Comme deuxième étape, il serait utile de distinguer, dans la gestion des flux migratoire et des migrations, ce qui relèverait des relations entre pays africains et pays arabes et ce qui relèverait des relations entre pays arabo-africains et d’autres pays et régions tels que les pays européens ou l’Amérique du nord.
A partir de là, et comme 3ème étape, puisque les pays arabo-africains sont maintenant, en dialogue permanent, il serait plus facile de mettre le doigt sur les difficultés et essayer de les hiérarchiser, essayer de les régler, selon un échéancier, en tant que partenaires, en tant que voisins et en tant que frères qui partagent une même histoire et un même destin.
Il serait plus facile, grâce à ce dialogue permanent, de régler les différentes situations entre les pays arabes et les pays africains.
En même temps, j’arrive à la 4ème étape, il faudrait mettre en place une stratégie, de communication et de dialogue, en tant que pays arabo-africains, avec les autres pays qui accueillent des migrants arabo-africains. On est toujours d’avantages gagnant quand on part aux négociations, de façon groupée, concertée et surtout bien informés.
Aujourd’hui, un pays tout seul, ne pourra pas élaborer une bonne politique migratoire basée sur le droit. La migration devient une question régionale. Et donc, c’est nécessaire de réfléchir dans une dimension régionale, voire internationale les politiques migratoires arabo-africaines.
Permettez-moi maintenant, d’aborder les nouvelles formes migratoires qui se développent aujourd’hui et plus particulièrement ce que l’on appelle aujourd’hui, le concept de migration circulaire, élaboré récemment certains pays d’accueil.
Ce concept de migration circulaire est un compromis entre la position politique et la position économique de certains pays d’accueil que ce soit dans des pays de l’UE ou dans des pays arabo-africains. Nous observons une position duale dans certains pays d’accueil. Une position politique qui veut arrêter ou réduire au minimum les flux migratoires, et une position du secteur économique, qui veut au contraire, le développement de ces flux pour faire face aux besoins en Main d’œuvre et en vue de fluidifier le marché du travail.
Ce concept de migration circulaire, existait déjà depuis de longues années. Mais là, il est présenté dans un nouvel habillage, ce qui est une bonne initiative qui va permettre aux partenaires de discuter sur une base concrète.
Tout le monde confirme aujourd’hui, que la migration ne peut être arrêtée, que c’est un phénomène naturel et permanent dont il faut tenir compte dans les relations internationales.
Les migrations circulaires, comme certains pays d’accueil les organisent aujourd’hui, ont besoin d’être améliorées pour être plus bénéfiques, à la fois au pays d’accueil, au pays d’origine et au migrant lui-même.
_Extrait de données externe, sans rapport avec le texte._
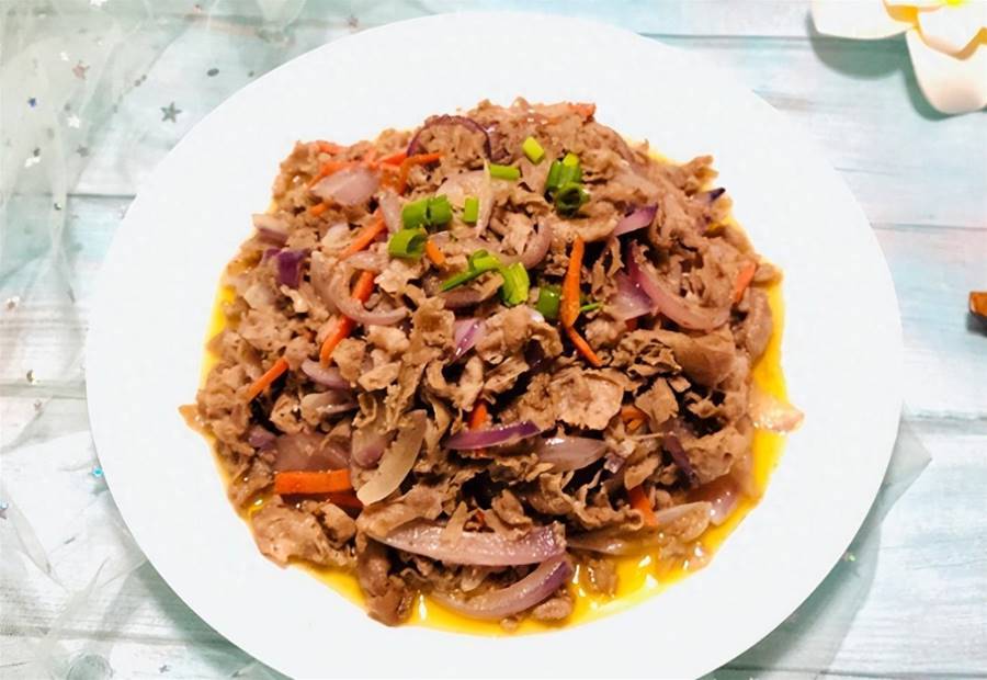 另起鍋加油,燒熱后放入胡蘿卜絲、洋蔥絲翻炒,至斷生,再倒入羊肉快炒幾下。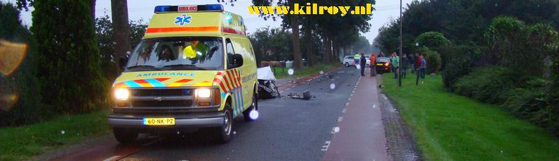 | Wonder boven wonder liep alleen de passagier in de Mercedes borstletsel -gekneusde ribben?- op. Hij is per ambulance afgevoerd. De materiële schade was aanzienlijk: de weg lag bezaaid met wrakstukken en er moest flink wat geveegd en ontvet worden voor het verkeer weer van de kruising gebruik kon maken. Berger Autax haalde de beschadigde voertuigen op met twee bergingsauto's. |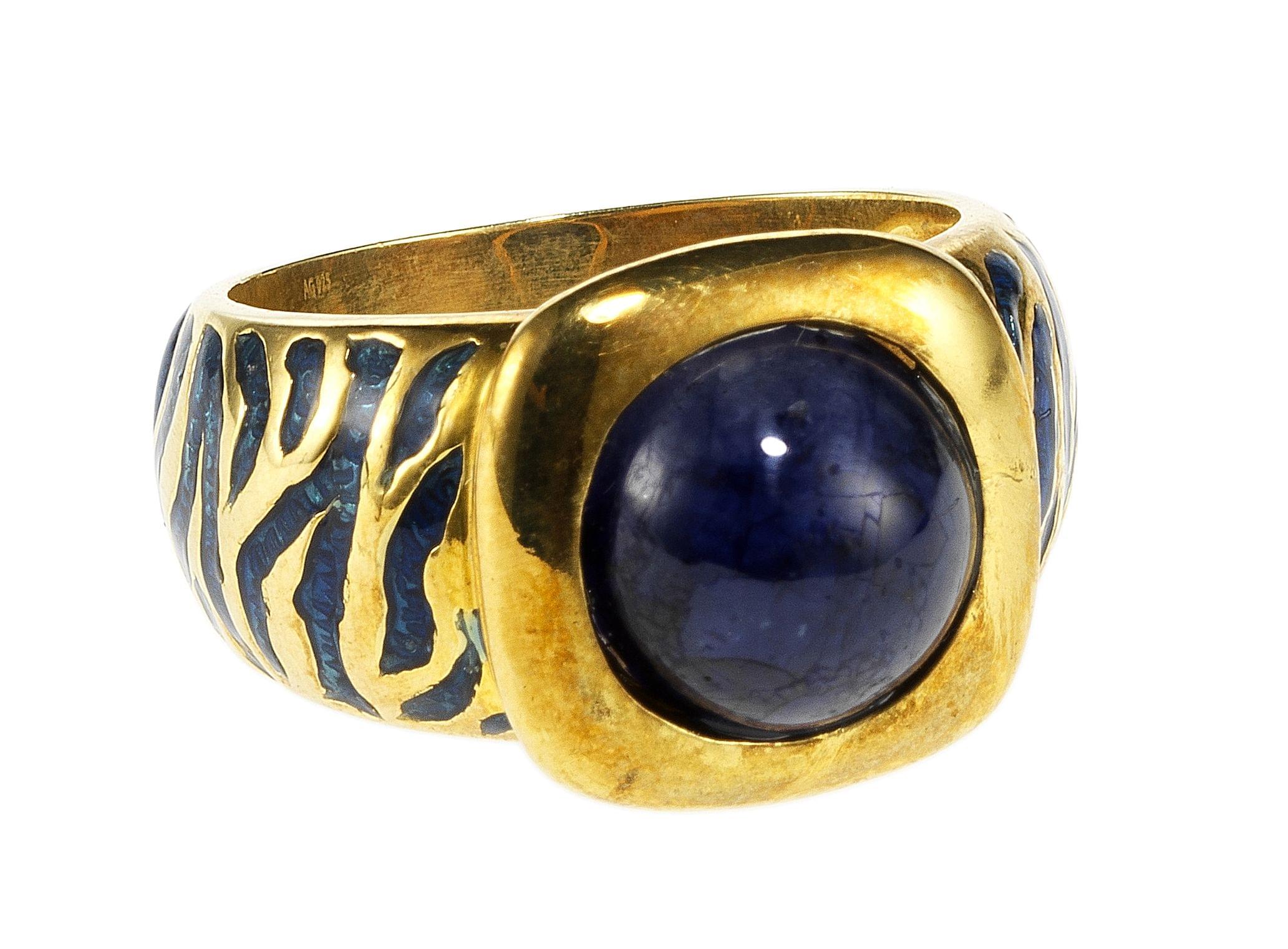 3062. *Bague à motifs émaillés bleus sertie d'un saphir rond taille cabochon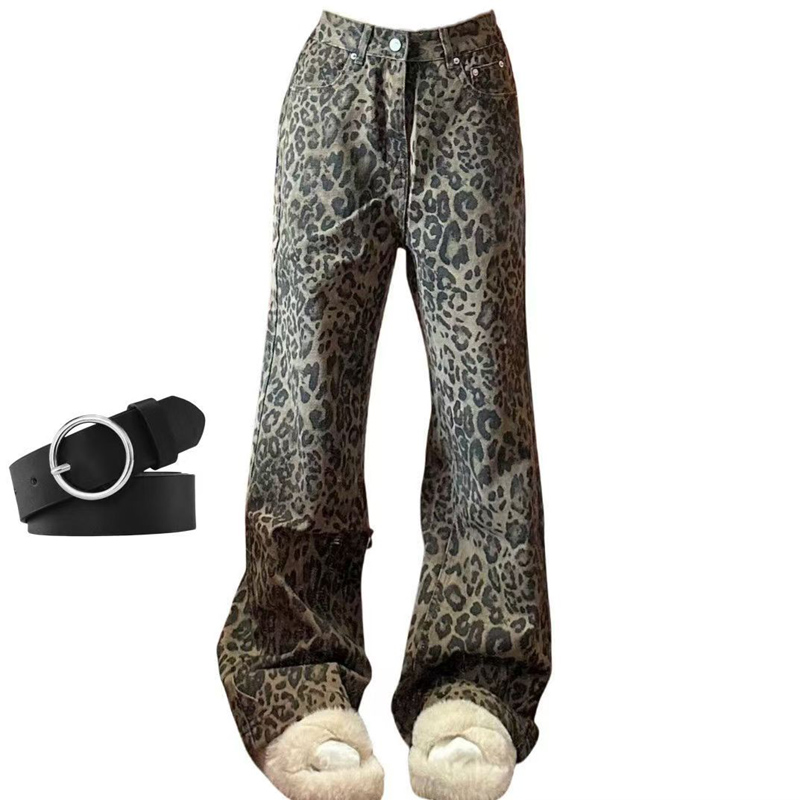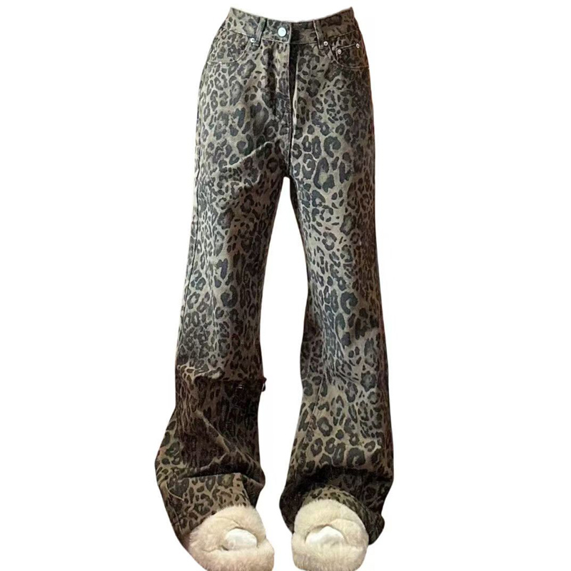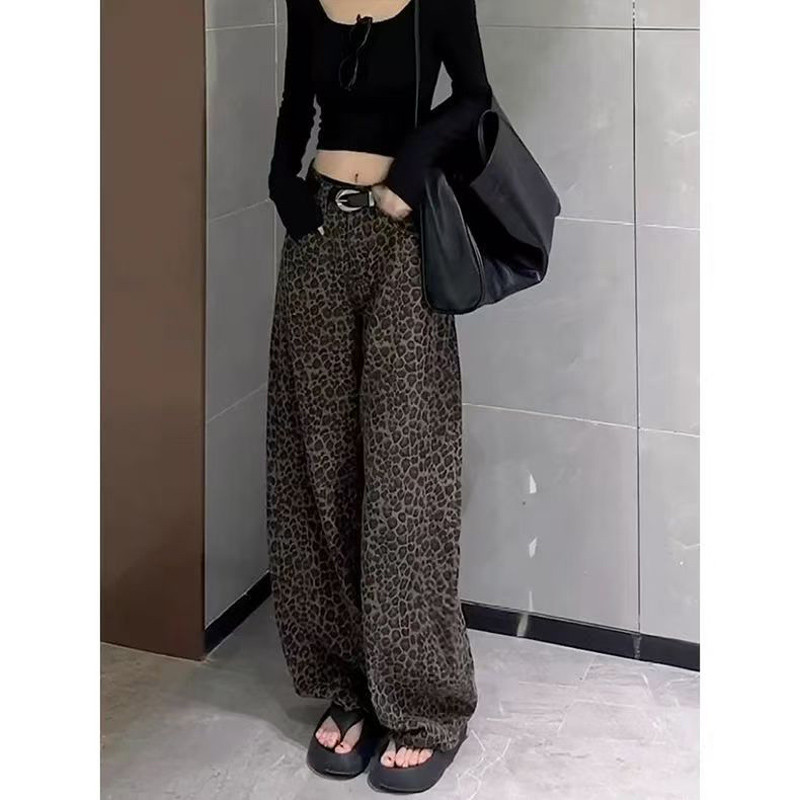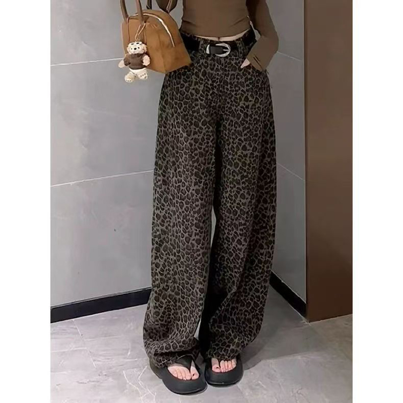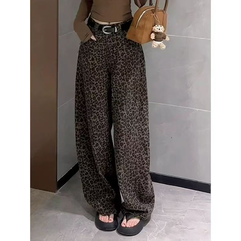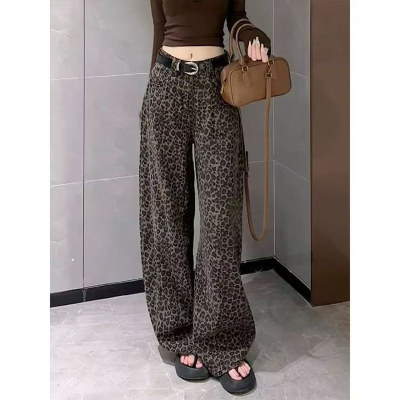 YF6651-图片色韩版辣妹新款豹纹印花高腰直筒坠地感复古设计牛仔裤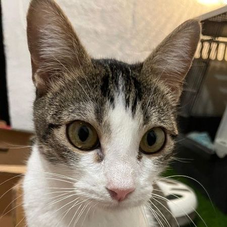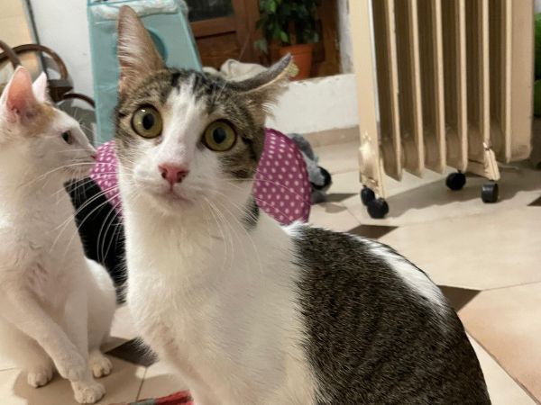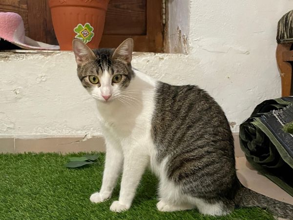 Zazie es una preciosa gatita blanca y negra que adora a los humanos y a otros gatos. Fue dejada en la perrera exterior de APROP junto con (creemos) dos hermanas, Xia y Yoko. Su fecha estimada de nacimiento es alrededor de abril de 2023. Zazie es muy juguetona y cariñosa con las personas. Es una joven amigable, activa y le encanta divertirse y hacer ejercicio. Le encantaría compartir un hogar con otros gatos y disponer de un jardín seguro, aunque no ha sido probada con perros. Está esterilizada, ha dado negativo en las pruebas de FIV y FeLV, sus vacunas están al día y es una gata sana y feliz. Zazie seguramente hará muy feliz a su nueva familia y será la reina de su hogar.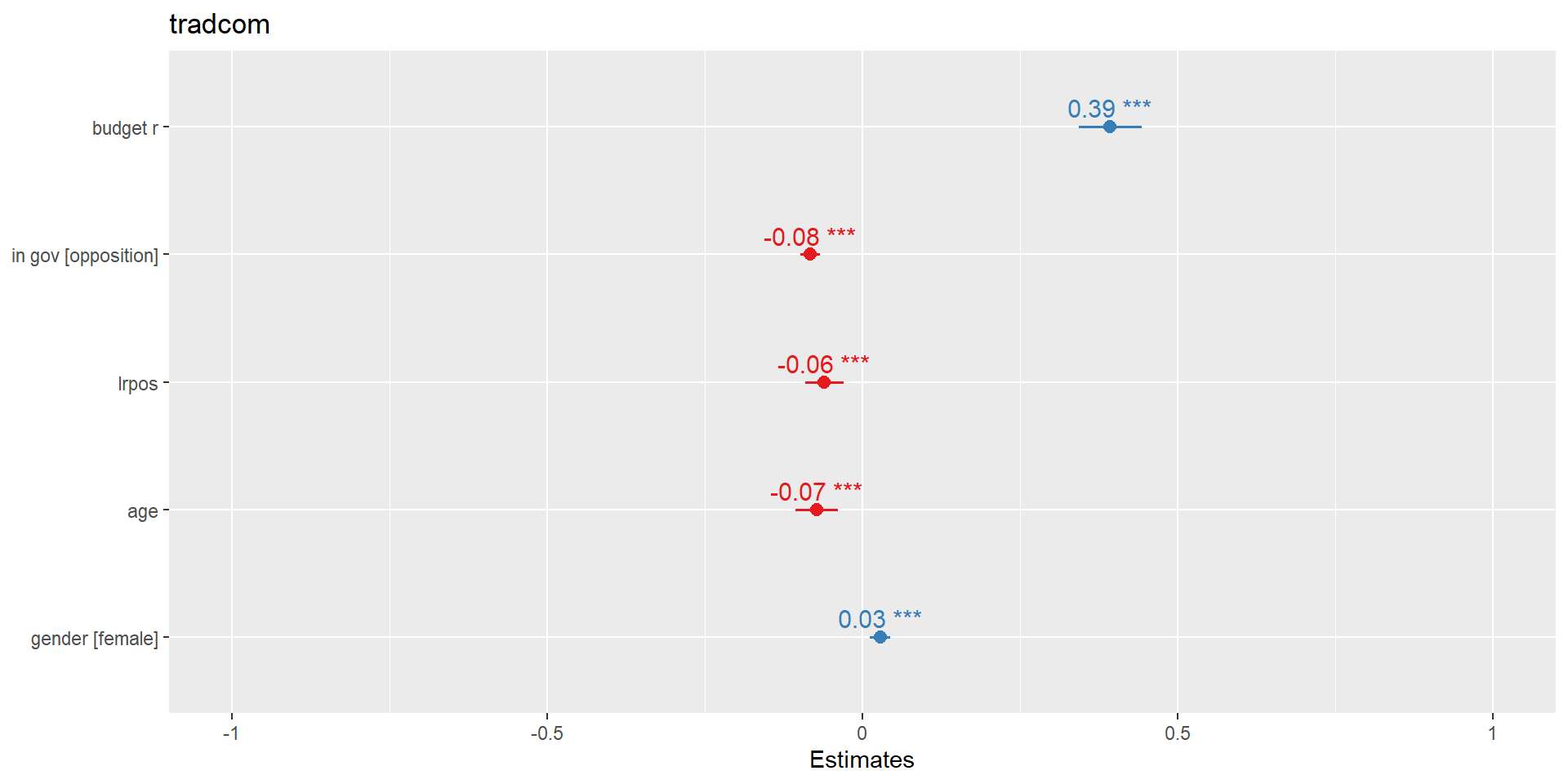 In addition, we control for the effect of positioning on the left-right axis, as well as age and gender of the candidates.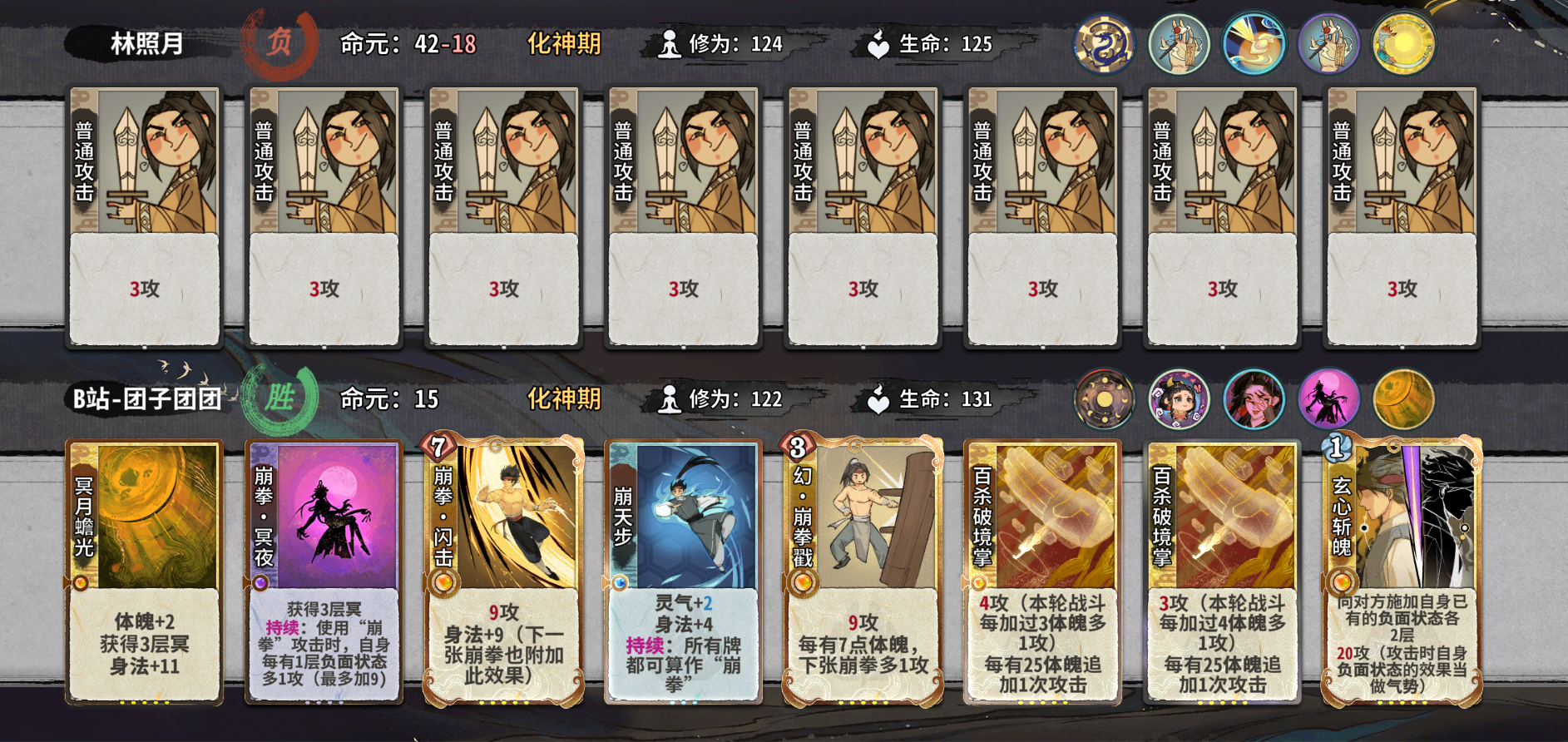 第三轮对方猜到我要二动护体,他也变阵用百杀打掉我的护体,然后崩拳戳加百杀把我秒掉

Nous proposons quelques idées qui pourraient aller dans ce sens. C'est-à-dire, dans le sens de l’enrichissement des programmes de migrations circulaires. Parmi ces idées :
1. Permettre aux migrants résidents dans les pays d’accueil, de façon permanente et qui le souhaitent, de retourner temporairement dans leur pays d’origine en vue d’y travailler ou de créer une activité. Plusieurs migrants souhaitent faire ce retour temporaire dans un premier temps, mais devant la crainte de perdre le droit de séjour, ils se sédentarisent. L’expérience a montré, des migrants des pays de l’est, avant que leurs pays d’origine intègrent l’UE, pratiquaient cette migration circulaire parce qu’ils avaient la possibilité de retourner dans le pays d’accueil quand ils le souhaitaient. Un migrant roumain, par exemple, qui résidait de façon permanente en France, avait la possibilité de retourner dans son pays, y monter un projet d’activité économique, et à chaque qu’il avait besoin de liquidité supplémentaire, il avait la possibilité de retourner en France et d’y travailler pendant un certain temps.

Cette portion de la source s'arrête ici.